- What is needed -
In the listing below, the lines starting at the line with "Kožna ogrlica , kože" and ending at the line with "Figure 5 shows" are to be output verbatim. Images stay out of the copy.

- Input records -
▼▼▼
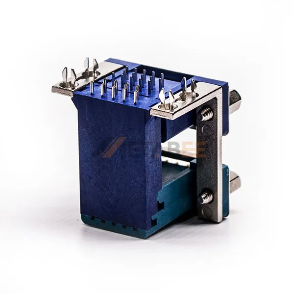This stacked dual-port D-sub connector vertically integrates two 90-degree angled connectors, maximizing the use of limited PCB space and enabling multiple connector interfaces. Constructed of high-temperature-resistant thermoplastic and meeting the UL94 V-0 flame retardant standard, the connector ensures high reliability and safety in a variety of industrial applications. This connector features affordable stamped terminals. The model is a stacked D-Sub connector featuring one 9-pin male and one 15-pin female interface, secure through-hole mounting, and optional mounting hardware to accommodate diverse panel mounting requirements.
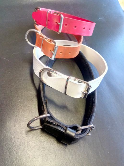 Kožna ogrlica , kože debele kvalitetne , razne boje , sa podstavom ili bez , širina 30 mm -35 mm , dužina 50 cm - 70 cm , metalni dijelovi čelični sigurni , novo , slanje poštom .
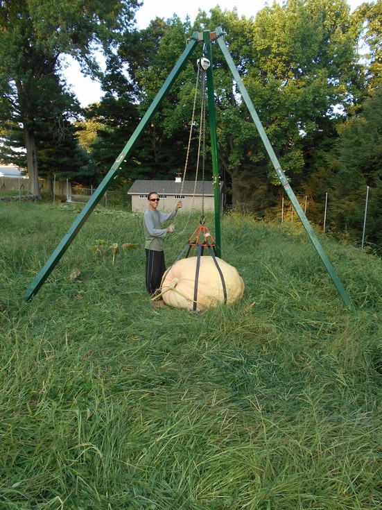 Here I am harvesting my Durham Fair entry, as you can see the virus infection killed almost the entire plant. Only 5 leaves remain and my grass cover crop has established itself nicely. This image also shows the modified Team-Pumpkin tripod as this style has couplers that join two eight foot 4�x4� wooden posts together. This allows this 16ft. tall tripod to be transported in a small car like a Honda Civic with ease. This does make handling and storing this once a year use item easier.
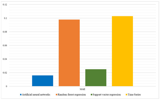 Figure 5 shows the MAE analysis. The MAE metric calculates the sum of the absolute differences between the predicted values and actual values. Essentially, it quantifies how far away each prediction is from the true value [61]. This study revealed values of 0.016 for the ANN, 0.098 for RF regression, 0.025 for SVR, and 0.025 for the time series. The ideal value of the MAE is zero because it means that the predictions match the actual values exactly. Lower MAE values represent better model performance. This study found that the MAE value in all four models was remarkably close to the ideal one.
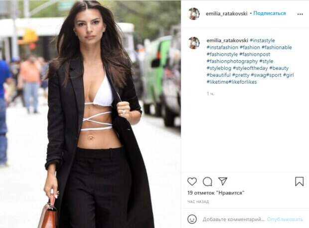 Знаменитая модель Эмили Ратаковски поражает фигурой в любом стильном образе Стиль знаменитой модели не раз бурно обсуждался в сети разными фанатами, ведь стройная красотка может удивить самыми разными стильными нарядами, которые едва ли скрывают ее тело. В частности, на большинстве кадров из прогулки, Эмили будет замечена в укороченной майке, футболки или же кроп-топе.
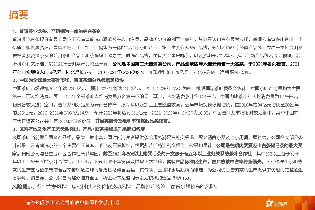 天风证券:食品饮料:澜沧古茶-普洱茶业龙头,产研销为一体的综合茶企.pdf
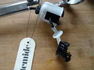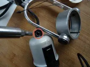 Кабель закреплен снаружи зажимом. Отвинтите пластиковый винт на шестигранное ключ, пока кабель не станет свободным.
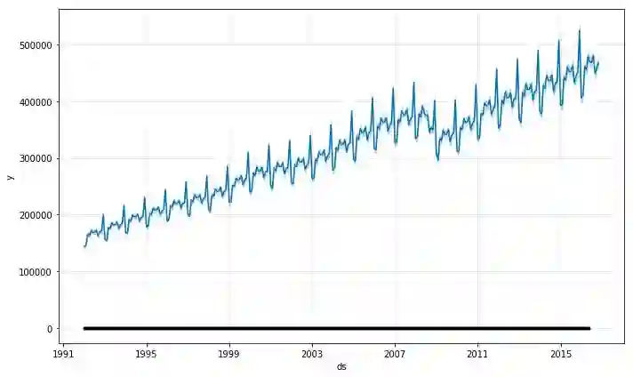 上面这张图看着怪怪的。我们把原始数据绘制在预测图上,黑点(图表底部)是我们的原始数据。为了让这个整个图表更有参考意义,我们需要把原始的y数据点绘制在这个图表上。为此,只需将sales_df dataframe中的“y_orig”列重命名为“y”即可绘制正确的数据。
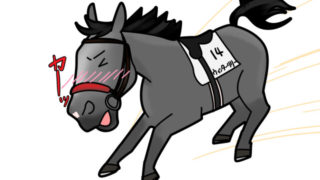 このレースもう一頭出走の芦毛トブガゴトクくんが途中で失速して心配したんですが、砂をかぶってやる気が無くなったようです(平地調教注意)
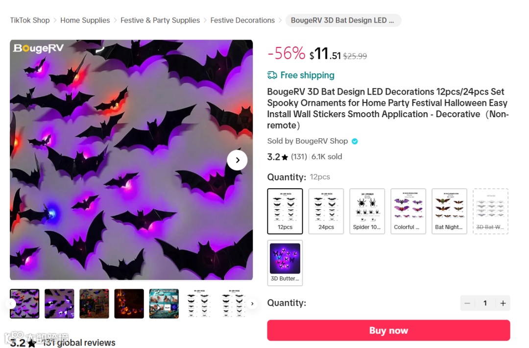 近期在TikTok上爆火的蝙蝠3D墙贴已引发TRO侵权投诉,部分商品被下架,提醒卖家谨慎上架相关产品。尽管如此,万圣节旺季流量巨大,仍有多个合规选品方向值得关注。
▲▲▲
▼▼▼
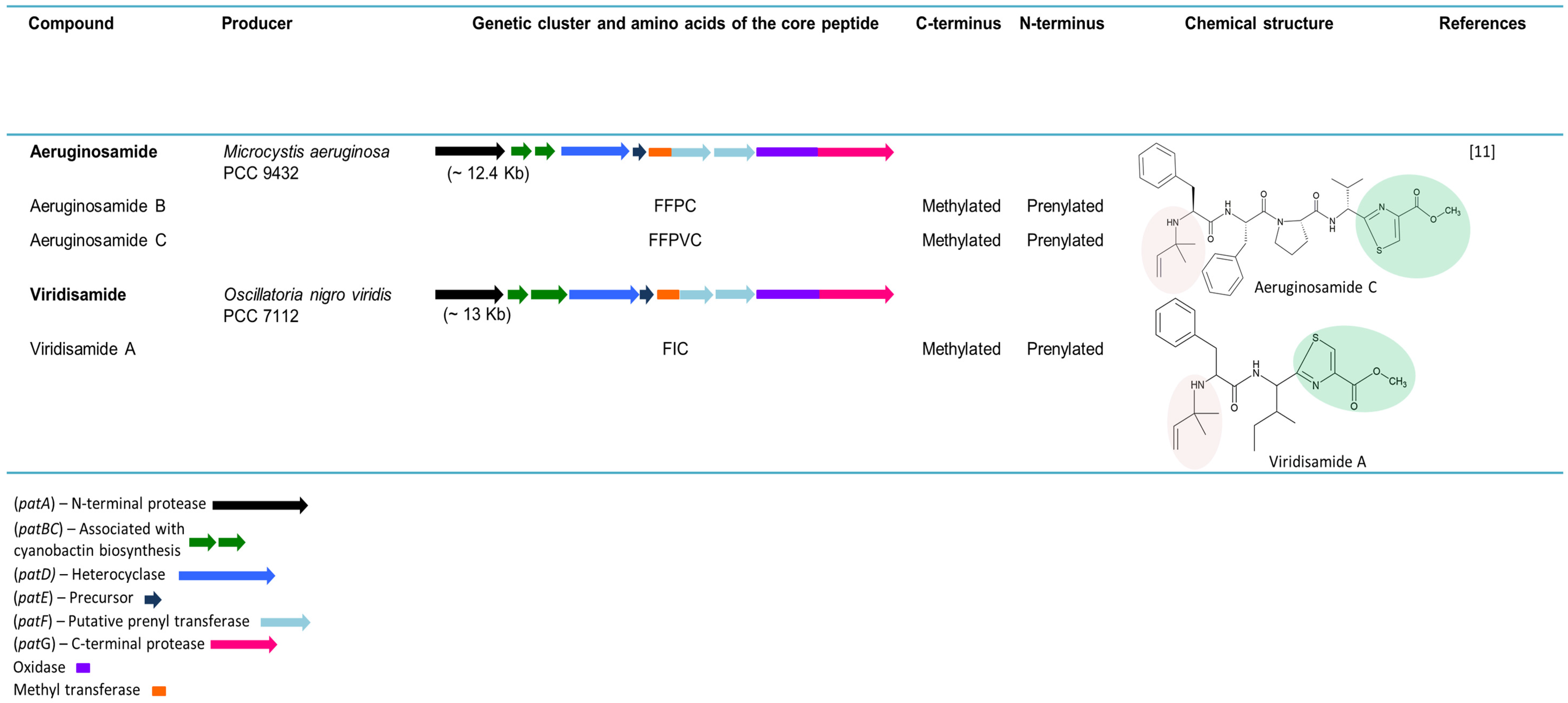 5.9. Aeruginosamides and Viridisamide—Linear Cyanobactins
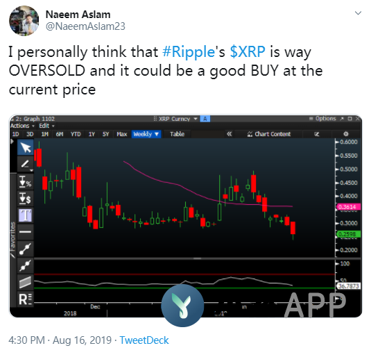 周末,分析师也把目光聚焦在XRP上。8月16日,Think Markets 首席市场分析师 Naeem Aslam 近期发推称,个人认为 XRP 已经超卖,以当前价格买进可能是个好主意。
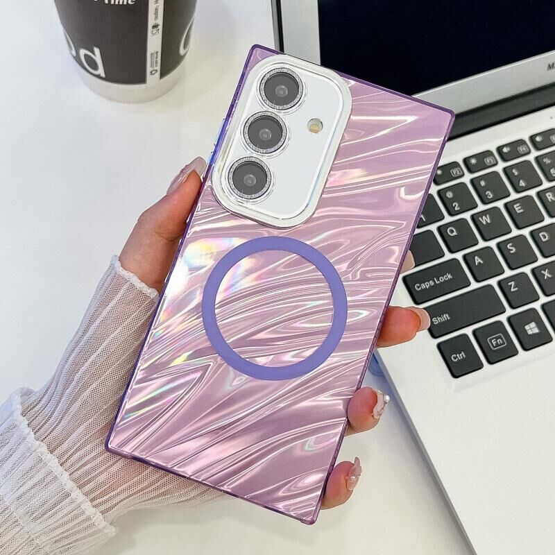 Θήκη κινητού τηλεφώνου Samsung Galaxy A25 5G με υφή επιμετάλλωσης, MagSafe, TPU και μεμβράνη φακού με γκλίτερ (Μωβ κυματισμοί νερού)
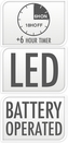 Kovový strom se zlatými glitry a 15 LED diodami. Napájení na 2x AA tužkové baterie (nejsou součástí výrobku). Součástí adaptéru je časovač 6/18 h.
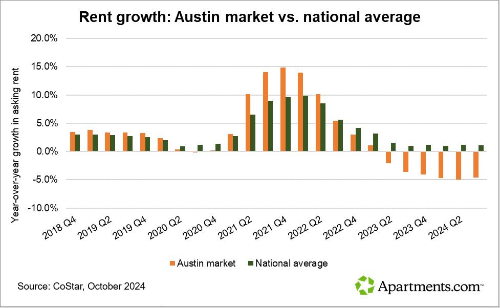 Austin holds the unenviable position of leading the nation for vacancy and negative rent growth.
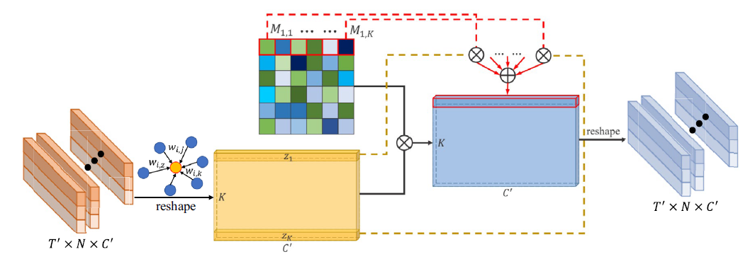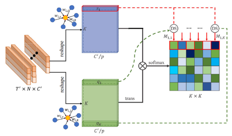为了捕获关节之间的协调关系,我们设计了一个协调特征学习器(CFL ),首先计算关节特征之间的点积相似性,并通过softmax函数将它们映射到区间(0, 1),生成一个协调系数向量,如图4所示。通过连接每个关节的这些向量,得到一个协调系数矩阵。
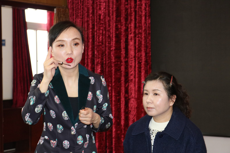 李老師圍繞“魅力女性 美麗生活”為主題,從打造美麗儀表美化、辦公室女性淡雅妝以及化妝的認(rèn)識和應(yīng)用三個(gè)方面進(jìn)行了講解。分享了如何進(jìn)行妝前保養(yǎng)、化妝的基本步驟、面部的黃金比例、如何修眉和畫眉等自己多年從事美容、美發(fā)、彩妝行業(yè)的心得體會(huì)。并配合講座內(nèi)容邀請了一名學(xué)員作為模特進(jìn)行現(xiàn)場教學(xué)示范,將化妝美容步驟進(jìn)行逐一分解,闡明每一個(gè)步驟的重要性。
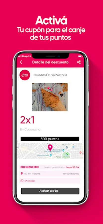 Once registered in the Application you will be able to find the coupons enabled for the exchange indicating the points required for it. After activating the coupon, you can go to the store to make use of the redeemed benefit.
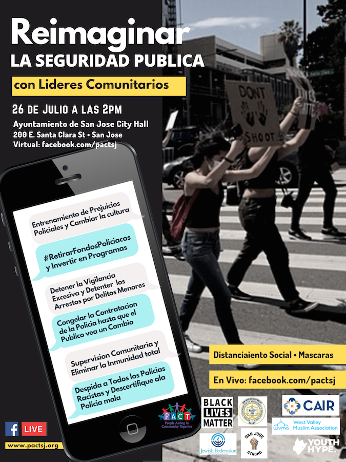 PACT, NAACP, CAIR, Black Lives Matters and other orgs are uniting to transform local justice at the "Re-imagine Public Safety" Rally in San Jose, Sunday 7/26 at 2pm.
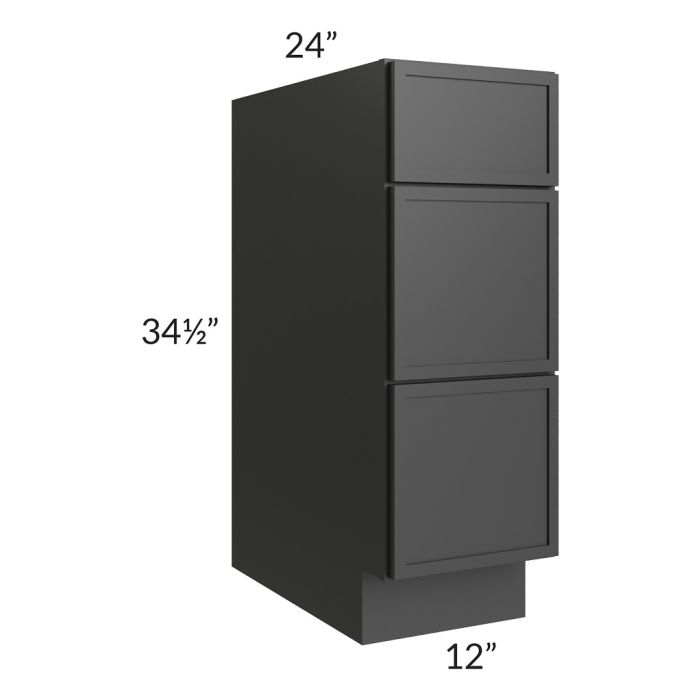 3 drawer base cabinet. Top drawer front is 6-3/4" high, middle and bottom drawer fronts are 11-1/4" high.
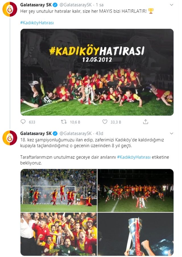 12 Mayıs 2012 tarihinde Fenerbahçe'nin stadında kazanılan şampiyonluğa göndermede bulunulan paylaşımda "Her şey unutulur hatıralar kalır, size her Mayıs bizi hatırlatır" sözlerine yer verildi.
▲▲▲
- Task answer -
 Kožna ogrlica , kože debele kvalitetne , razne boje , sa podstavom ili bez , širina 30 mm -35 mm , dužina 50 cm - 70 cm , metalni dijelovi čelični sigurni , novo , slanje poštom .
 Here I am harvesting my Durham Fair entry, as you can see the virus infection killed almost the entire plant. Only 5 leaves remain and my grass cover crop has established itself nicely. This image also shows the modified Team-Pumpkin tripod as this style has couplers that join two eight foot 4�x4� wooden posts together. This allows this 16ft. tall tripod to be transported in a small car like a Honda Civic with ease. This does make handling and storing this once a year use item easier.
 Figure 5 shows the MAE analysis. The MAE metric calculates the sum of the absolute differences between the predicted values and actual values. Essentially, it quantifies how far away each prediction is from the true value [61]. This study revealed values of 0.016 for the ANN, 0.098 for RF regression, 0.025 for SVR, and 0.025 for the time series. The ideal value of the MAE is zero because it means that the predictions match the actual values exactly. Lower MAE values represent better model performance. This study found that the MAE value in all four models was remarkably close to the ideal one.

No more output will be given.